City of Girls
CITY OF GIRLS opens in upstate New York in the early 1940s. To her parents’ horror, Vivian Morris has flunked out of Vassar. Less as a punishment than simply to get her out of their hair, they send her to stay with her flamboyant, free-thinking Aunt Peg in New York City. Here, Vivian’s life truly begins.
I wasn’t wild about Eat, Pray, Love, the book that put Elizabeth Gilbert on the charts. I felt that the heroine of this memoir was self-indulgent and self-absorbed. I felt the same at the start of City of Girls, which is definitely a novel. Here, though, there is growth. Here, there are signs of a talented writer.
For one thing, Ms. Gilbert’s rendition of the life of party girls in the Big Apple in the 1940s is filled with detail and flavor.
For another, her cast of characters is well-conceived, each one fleshed-out and believable.
For a third, the trajectory she gives her protagonist is satisfying. But. Only…at the end of the book. This is the one problem I had.

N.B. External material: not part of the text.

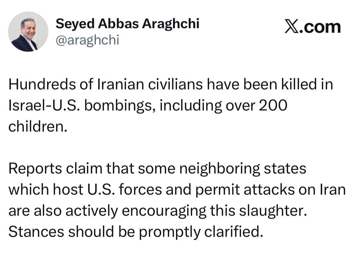 كتب وزير الخارجية الايراني "عباس عراقجي" مساء امس السبت في منشور له على منصة "اكس":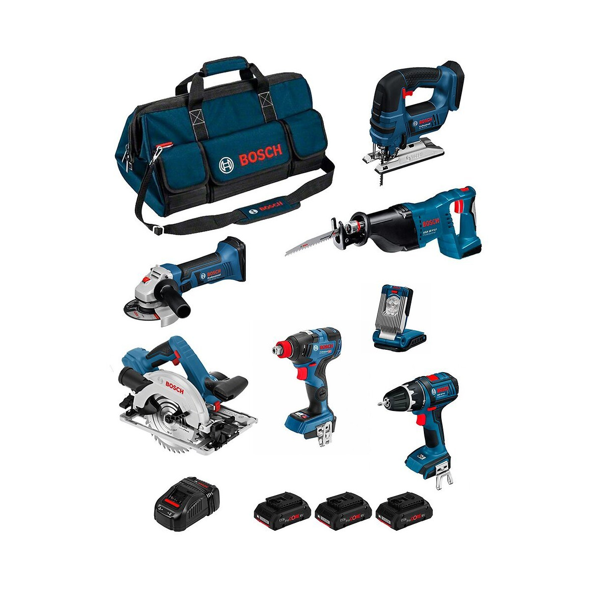 BOSCH Kit PSB7MXM3DP Meuleuse BOSCH GWS 18-125 V-LI Professional - La Meuleuse d'Angle de 18V la plus puissante - Capacité d'abrasion et capacité de coupe les plus élevées de sa catégorie par charge de batterie - Moteur 4 pôles hautes performances extrêmement robuste et endurant pour une longévité élevée - Forme compacte et poids léger (seulement 2.3 kg) pour un grand confort de travail, surtout dans les endroits difficiles d'accès et pour les travaux en hauteur Perceuse à Percussion BOSCH GSB 18 V-LI Professional - Extrêmement compacte grâce à sa conception courte (seulement 195 mm) et encore plus légère (seulement 1,9 kg) pour une manipulation parfaite - Système Bosch ECP (Electronic Cell Protection) : protège la batterie contre la surcharge, l'échauffement et la décharge totale - Lumière LED intégrée pour l'éclairage de la zone de travail, même dans les endroits sombres - Clip de ceinture pratique pour accrocher les outils confortablement sur la ceinture ou l'échelle - Les batteries COOLPACK innovantes garantissent une dissipation thermique optimale et prolongent ainsi la durée de vie jusqu'à 100% (voir batteries lithium sans COOLPACK) - Frein moteur pour des travaux de serrage en série précis - Poignée ergonomique à longue prise et poignée anti-vibration Softgrip pour un travail sans effort Scie Sauteuse BOSCH GST 18 V-LI B Professional - La Scie Sauteuse est la plus puissante de la catégorie 18 V - Modèle 18 V très performant pour une progression de travail rapide - Dispose aussi de la fonction Constant Speed, d'un éclairage LED, d'un mouvement orbital, du système de guidage Precision Control et d'une présélection de vitesse - Idéal pour les coupes courbes et transversales dans le bois massif, les panneaux agglomérés, les bois composites et les matériaux durs ou épais - Sa poignée étrier avec gâchette de vitesse permet une maîtrise parfaite et facile de l'outil - Grâce au système SDS Bosch, les lames peuvent être changées facilement et sans clé - Compatible avec le système d'aspiration de poussières Click & Clean Bosch et d'autres aspirateurs Bosch ainsi qu'avec les rails de guidage Bosch moyennant l'utilisation d'un adaptateur Clé à Chocs BOSCH GDX 18V-200 C Professional - La Clé à Chocs 18 V Bosch la plus puissante avec porte-outil 2 en 1 et moteur Brushless - Extrêmement puissante pour applications très exigeantes grâce au couple de 200 Nm - Grande polyvalence dans une grande gamme d'applications grâce au porte-outil 2 en 1 (six pans creux 1/4" et carré mâle 1/2") - Connectivité Bluetooth permettant à l'utilisateur d'être informé activement de l'état de l'outil, des besoins d'entretien et de paramétrer à distance certaines fonctions - Conçu pour le vissage dans le bois et le métal de vis de diamètres M6 à M14 - Dispose également d'une électronique ECP (Electronic Cell Protection), d'une électronique EMP (Electronic Motor Protection), d'un éclairage LED, de trois vitesses au choix, d'une réversibilité gauche-droit et d'un variateur de vitesse - Compatible avec toutes les batteries et tous les chargeurs 18 V de Bosch Professional (Professional 18V System) Scie Circulaire BOSCH GKS 18V-57 G Professional - Une Scie Circulaire puissante pour des coupes rapides et précises - Puissance : progression de travail rapide et grande autonomie grâce au puissant moteur et aux batteries BOSCH - Flexibilité et précision : le rail de guidage permet de travailler rapidement et avec précision - Pour les besoins de chacun : la lame de la scie circulaire peut désormais aussi être placée du côté droit Scie Sabre BOSCH GSA 18 V-LI Professional - Meilleures performances de coupe dans sa catégorie - Capacité de coupe par charge : plus de 100 poutrelles en sapin (100 x 100 mm) - Système Electronic Motor Protection (protection électronique du moteur) : protège le moteur contre les surcharges et garantit ainsi une longévité élevée - Une manipulation aisée : grâce au mécanisme SDS, le changement de la lame est simple et rapide Lampe BOSCH GLI VariLED Professional - Lampe de travail Bosch au format de poche la plus lumineuse de la catégorie 18V - Avec 3 puissantes LED produisant 420 lumens pour un éclairement intense - Mécanisme de rabattement innovant facilitant le transport et assurant un rangement compact - Faisceau réglable (éclairage diffus / éclairage concentré) et angle d'éclairage réglable dans 9 positions pour de multiples applications - Cette lampe de travail est idéal pour bien éclairer de petits espaces

The book is written as a letter to a woman who plays a role in the protagonist’s life that is unknown to us for 400 of the 450 pages of the book. It isn’t until those last 50 pages that we understand who she is. It isn’t until these last fifty pages that the whole book takes on meaning and life.
In that sense, these last 50 pages are redemptive. I just wish we hadn’t had to wait so long. On one hand, I understand – and agree – that those 50 pages have meaning only because of the story preceding it. On the other, that story might have easily been shortened without a loss.
That said, this is an easy read. There are elements for a book club to discuss. If you’re going on vacation, take it with my blessing.